---------- Material for this task
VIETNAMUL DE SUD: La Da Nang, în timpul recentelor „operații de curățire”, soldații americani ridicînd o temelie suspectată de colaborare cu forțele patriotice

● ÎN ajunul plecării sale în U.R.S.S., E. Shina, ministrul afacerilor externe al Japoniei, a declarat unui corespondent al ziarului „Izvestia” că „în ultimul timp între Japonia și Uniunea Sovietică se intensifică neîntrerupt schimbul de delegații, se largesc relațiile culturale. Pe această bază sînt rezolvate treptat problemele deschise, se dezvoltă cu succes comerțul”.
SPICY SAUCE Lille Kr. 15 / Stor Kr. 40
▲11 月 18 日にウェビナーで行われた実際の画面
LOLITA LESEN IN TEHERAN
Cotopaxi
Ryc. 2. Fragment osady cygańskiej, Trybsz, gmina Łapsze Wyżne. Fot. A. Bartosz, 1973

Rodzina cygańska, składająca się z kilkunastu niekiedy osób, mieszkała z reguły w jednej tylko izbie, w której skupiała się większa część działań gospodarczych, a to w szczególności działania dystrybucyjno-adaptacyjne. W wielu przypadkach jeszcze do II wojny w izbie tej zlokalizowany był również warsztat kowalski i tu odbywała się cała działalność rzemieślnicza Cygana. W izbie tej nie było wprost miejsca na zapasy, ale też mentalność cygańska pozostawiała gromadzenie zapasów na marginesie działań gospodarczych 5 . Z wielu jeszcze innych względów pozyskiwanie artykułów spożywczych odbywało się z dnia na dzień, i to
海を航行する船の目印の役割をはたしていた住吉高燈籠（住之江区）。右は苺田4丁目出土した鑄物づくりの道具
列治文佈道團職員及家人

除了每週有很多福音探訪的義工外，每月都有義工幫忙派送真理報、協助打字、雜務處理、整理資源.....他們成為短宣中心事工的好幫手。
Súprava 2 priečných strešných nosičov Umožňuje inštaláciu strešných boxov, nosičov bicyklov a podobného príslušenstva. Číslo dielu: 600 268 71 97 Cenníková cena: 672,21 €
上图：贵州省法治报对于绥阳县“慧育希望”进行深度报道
--------------------
---------- Material for this task
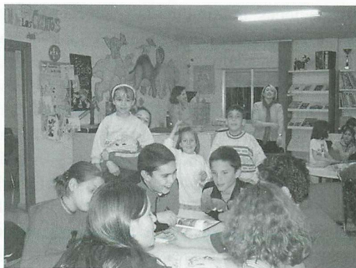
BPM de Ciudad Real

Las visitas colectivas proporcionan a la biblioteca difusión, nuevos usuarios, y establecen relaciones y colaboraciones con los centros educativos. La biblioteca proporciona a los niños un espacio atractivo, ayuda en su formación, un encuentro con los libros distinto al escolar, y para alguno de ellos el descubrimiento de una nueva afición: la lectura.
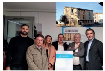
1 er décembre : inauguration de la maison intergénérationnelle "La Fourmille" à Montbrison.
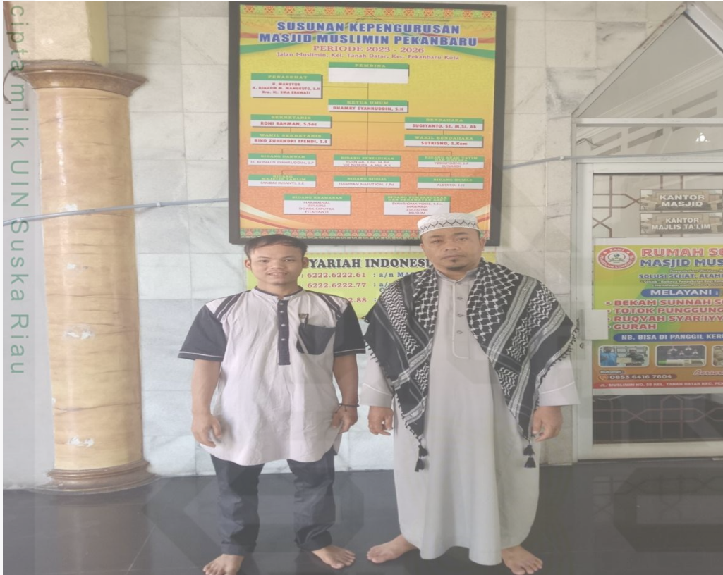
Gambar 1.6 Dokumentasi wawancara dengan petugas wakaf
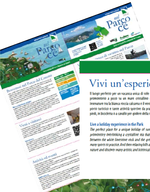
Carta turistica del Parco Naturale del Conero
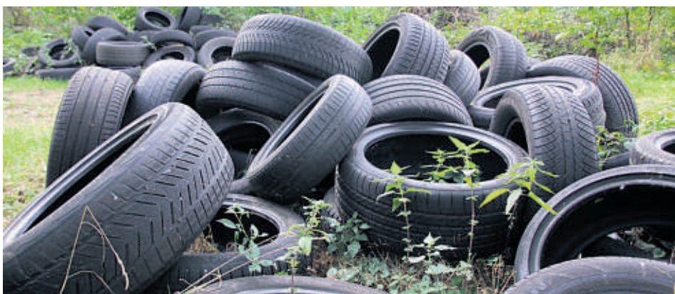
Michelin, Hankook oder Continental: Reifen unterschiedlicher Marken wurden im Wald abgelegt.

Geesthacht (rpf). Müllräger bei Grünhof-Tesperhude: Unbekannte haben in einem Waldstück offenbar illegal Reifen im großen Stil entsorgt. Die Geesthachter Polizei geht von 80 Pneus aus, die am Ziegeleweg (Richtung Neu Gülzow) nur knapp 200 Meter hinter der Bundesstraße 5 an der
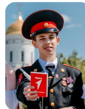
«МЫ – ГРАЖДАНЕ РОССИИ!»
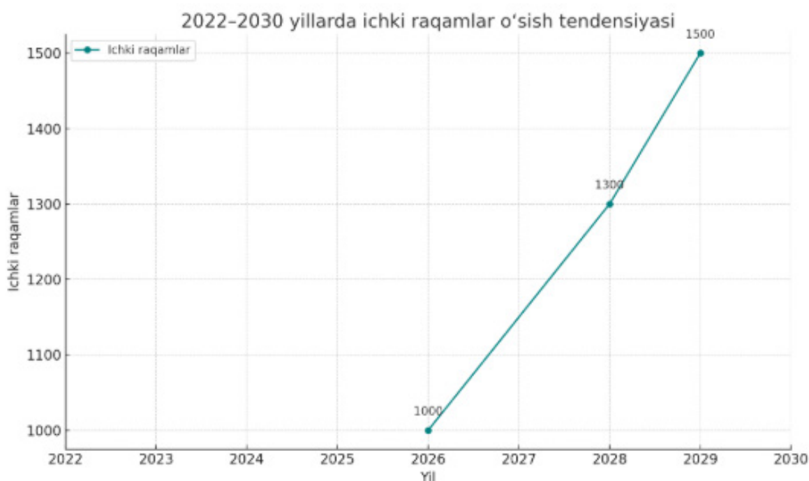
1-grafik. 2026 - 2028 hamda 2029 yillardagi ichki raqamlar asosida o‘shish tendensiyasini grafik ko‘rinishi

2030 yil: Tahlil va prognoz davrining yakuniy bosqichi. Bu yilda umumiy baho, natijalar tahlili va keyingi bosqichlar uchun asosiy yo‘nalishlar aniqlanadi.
--------------------
In the entries above, one line contains "SPICY SAUCE Lille Kr. 15 / Stor Kr. 40" and another contains "Ryc. 2. Fragment". Reproduce exactly those two lines and the lines between them, nothing else.

The answer:
SPICY SAUCE Lille Kr. 15 / Stor Kr. 40
▲11 月 18 日にウェビナーで行われた実際の画面
LOLITA LESEN IN TEHERAN
Cotopaxi
Ryc. 2. Fragment osady cygańskiej, Trybsz, gmina Łapsze Wyżne. Fot. A. Bartosz, 1973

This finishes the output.